Cardiac Arrhythmias: Difference between revisions

The cardiac action potential is a result of ions flowing through different ion channels. Ion channels are passages for ions (mainly Na+, K+, Ca2+ and Cl-) that facilitate movement through the cell membrane. Changes in structure of these channels can open, inactivate or close and control current inside and outside the myocytes. Due to different activity and expression of ion channels, the various parts of the cardiac conduction channel have slightly different action potential characteristics. Ion channels are mostly a passive passage, where movement of ions are caused by the electrochemical activity gradient. In addition to these passive ion channels a few ATP-dependent channels exist to fine-tune the action potential. These changes of membrane potential produce and action potential lasting a few hundreds of milliseconds. Disorders is single channels can lead to arrhythmias, as seen in the section genetic arrhythmias (link). The action potential is conducted throughout the heart by the depolarization of the immediate environment of the cells and through intracellular coupling with gap-junctions. The communication pores are located in cell to cell adhesion structures, the intercalated disks.

In summary during the depolarization, sodium ions stream into the cell followed by a influx of Ca2+ ions (both from the inside (sarcoplasmatic reticulum) and outside of the cell). These Ca2+ ions cause the actual muscular contraction. Shortly thereafter K+ ions stream out of the cell. During repolarization the ion concentration returns to its precontraction state. The action potential can be divided in five phases:  

Rapid depolarization is started once the membrane potential reaches a certain threshold (about -70 to -60 mV), independent of the size of the depolarizing stimulus. This produces a rapid influx of Na+ and a rapid upstroke of the action potential. At higher potentials (-40 to -30) Ca2+ influx participates in the upstroke. In sinus node and AV node a slower upstroke can be observed (Figure 1).
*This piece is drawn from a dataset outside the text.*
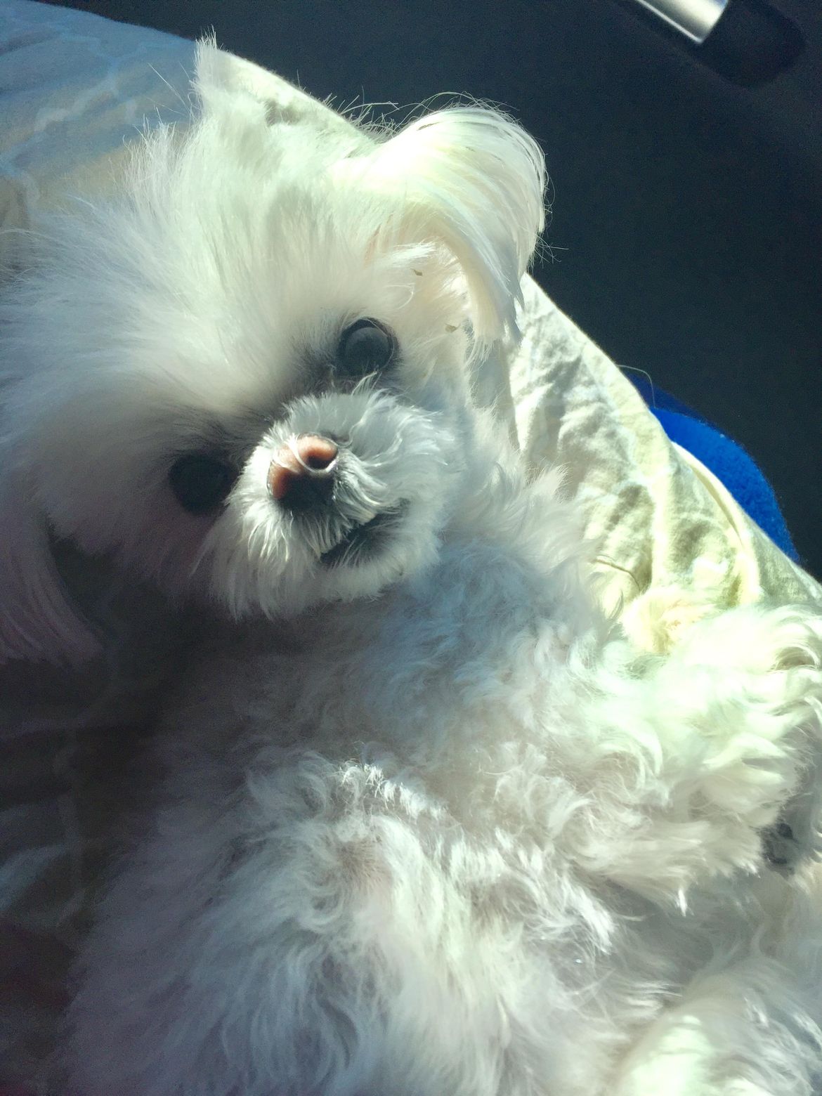 Sometimes Hennessy gets to come to work with me and gets attention from all the ladies - here he is in a state of bliss from all the love. :-)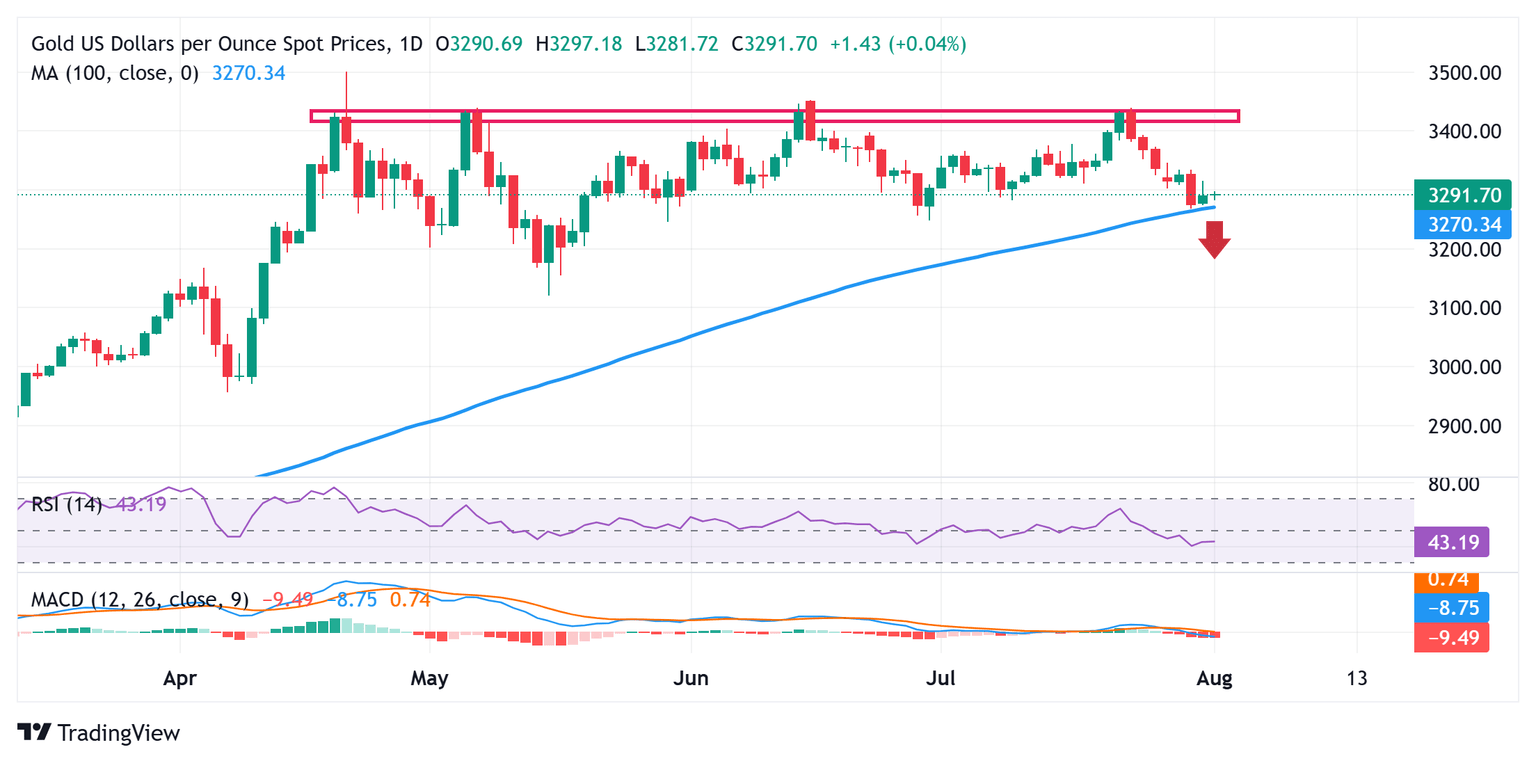 On the flip side, the 100-day Simple Moving Average (SMA), around the $3,270 region, nearing a one-month low touched on Wednesday, might continue to protect the immediate downside. A convincing break below could drag the Gold price to the June swing low, around the $3,248-3,247 region. The downward trajectory could extend towards the $3,325 intermediate support before the commodity eventually drops to test the $3,200 round figure.

This caused because the upstroke in these cells are mainly mediated by the slower acting Ca2+ ion channels. The slow activation and inactivation produce a slower upstroke.

Immediately following rapid depolarization, the inactivation of INa and subsequent activation of the outward K+ current ITO and the Na+/Ca2+ exchanger produce a early rapid repolarization. Due to the absence of INa in the upstroke of sinus node and AV node cells and the subsequent slower depolarization, this rapid repolarisation is not visible in their action potentials.

The plateau phase represents an equal influx and efflux of ions producing a stable membrane potential. The influx is mediated by Ca2+ through the open L-type Ca2+ channels and the exchange of Na+ for internal Ca2+ by the Na+/Ca2+ exchanger. The efflux is the result of outward current carried by K+ and Cl- ions.

Final repolarization is mainly caused by inactivation of Ca2+ channels, reducing the influx of positive ions. Furthermore repolarizing K+ currents (delayed rectifier current IKs and IKr and inwardly rectifying current IK1 and IK,Ach) are activated which increase efflux of positive ions. This result in an repolarization to the resting membrane potential.

Depending on cell type the resting membrane potential is between -50 to -95 mV, sinus node and AV nodal cells have a predominately higher resting membrane potential (-50 to -60 mV and -60 to -70 respectively) in comparison with atrial and ventricular cardiomyocytes (-80 to -90 mV). This distribution is mainly caused by the Na+ outside the cell and the K+ inside the cell. Sinus node cells and AV nodal cells (and to a lesser degree Purkinje fibers cells) have a special voltage dependent channel If, the funny current. Furthermore they lack IK1, a K+ current that maintains the resting membrane potential in atrial and ventricular tissue. This channel displays a slow depolarization in diastole, called the phase 4 diastolic depolarization, and results normal automaticity. Sinus node discharges are regulated by the autonomous nerve system and due to its high firing frequency dominates other potential pacemaker sites.

* Delayed afterdepolarizations occur after the cell has recovered after completion of repolarization. In delayed afterdepolarization an abnormal Ca2+ handling of the cell is probably responsible for the afterdepolarizations due to release of Ca2+ from the storage of Ca2+ in the sarcoplasmatic reticulum. The accumulation of Ca2+ increases membrane potential and thus depolarizes the cell when it reaches a certain threshold.

Conduction block or conduction delay is a frequent cause of bradyarrhythmias, however tacharrhythmias can also result from conduction block and produce a reentrant circuit. Conduction block can develop in different conditions, for instance a deceleration block or a acceleration block. These conduction block develop due to deceleration or a slow heart rate or a acceleration or fast heart rate respectively. It is important to assess the cause of conduction block as explained in the section of bradyarrhythmias [link], for it is important in the treatment of the conduction delay or block.